Kenya: Entire Cabinet to Undergo Wealth Probe

Not exactly related to squatter, but...

this is an earth-shattering event: financial disclosure for all the ministers in the Kenyan government. Of course, the information should also be public, and it should include President Mwai Kibaki. But this small step forward in transparency may loom large in coming years. And if any big-time Kenyan politicians are profiting from huts in the country's squatter areas, this would be the right time for the information to come out.

Monday, August 14, 2006

the true cause of shack fires

from a press release sent out by Abahlali baseMjondolo, after another slum fire killed a 70 year old man:

These fires are not acts of god. They are a direct consequence of the eThekwini Municipality’s infamous and unconstitutional 2001 decision to suspend the provision of electricity to shack settlement.

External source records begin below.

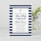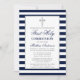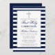 Elegant First Holy Communion Invitation with Cross. Blue and White Stripes. Silver Cross.
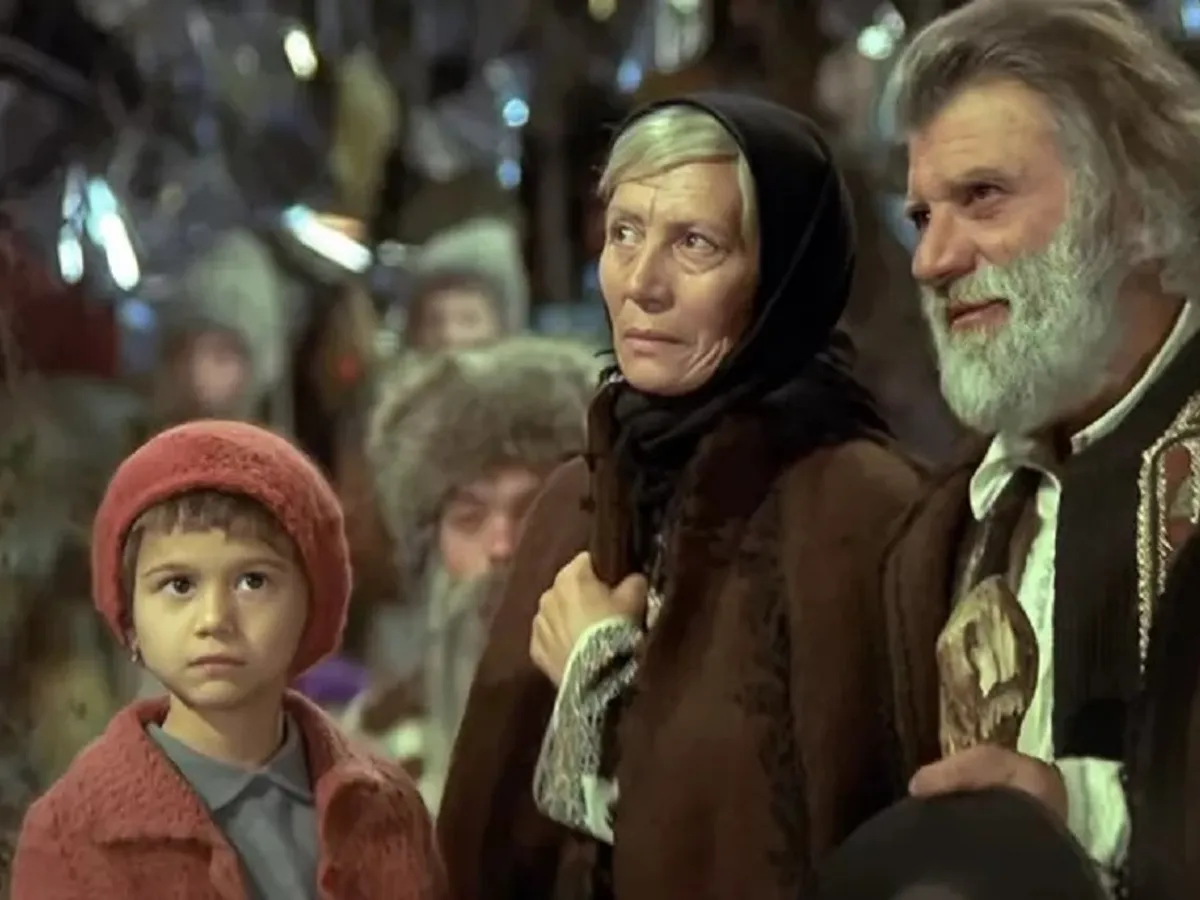 Lizuca, alături de bunicii ei din film, interpretați de actorii Ernest Maftei și Elena Drăgoi - Foto: arhiva
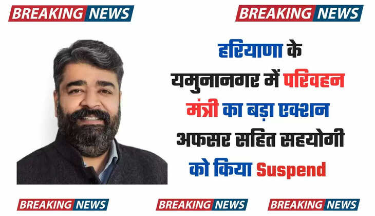 हरियाणा के यमुनानगर में परिवहन मंत्री का बड़ा एक्शन, अफसर सहित सहयोगी को किया Suspend

S’bu Zikode, President of Abahlali baseMjondolo, said "They tell us that they will clear the slums by 2010 but they won’t tell us what their plan is – where they want to put us and when they want to move us. They will not or cannot show us any programme. While we wait for a promise with no details we are being killed. We seriously condemn this incident. We are saying that the government is responsible for this death. Everyday we are making noise about fire, about the urgent need for water, electricity and toilets, about the need for land and housing in the city. It is not like we are keeping quiet. Everybody knows what is needed but the government just ignores us."

Saturday, August 12, 2006

Aguablanca: eviction in Colombia

Aguablanca is a squatter community of about 600,000 people in Cali, Colombia. At 3am on June 16th, 900 police officers arrived to smash 1,200 homes in the community. In the melee, a six-month-old child died of exposure to tear gas. A 1 1/2 year old kid was smashed in the head and is still hospitalized. And many families are still living in crude conditions on a nearby roadside.

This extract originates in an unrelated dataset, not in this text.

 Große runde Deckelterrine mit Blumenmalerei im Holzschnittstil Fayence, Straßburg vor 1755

For what? These kinds of violent forced evictions are among the worst excesses governments can visit on people.

[Thanks to TEO for the link!]

Wednesday, August 02, 2006

World Bank: billions for Lagos slums

The World Bank offers N25.2 billion ($200 million) to upgrade slums in Lagos. But what is the money for, who will control it, how will it be spent, will the slum-dwellers themselves be involved, will people be able to afford what the World Bank money might produce? Money alone is not the issue.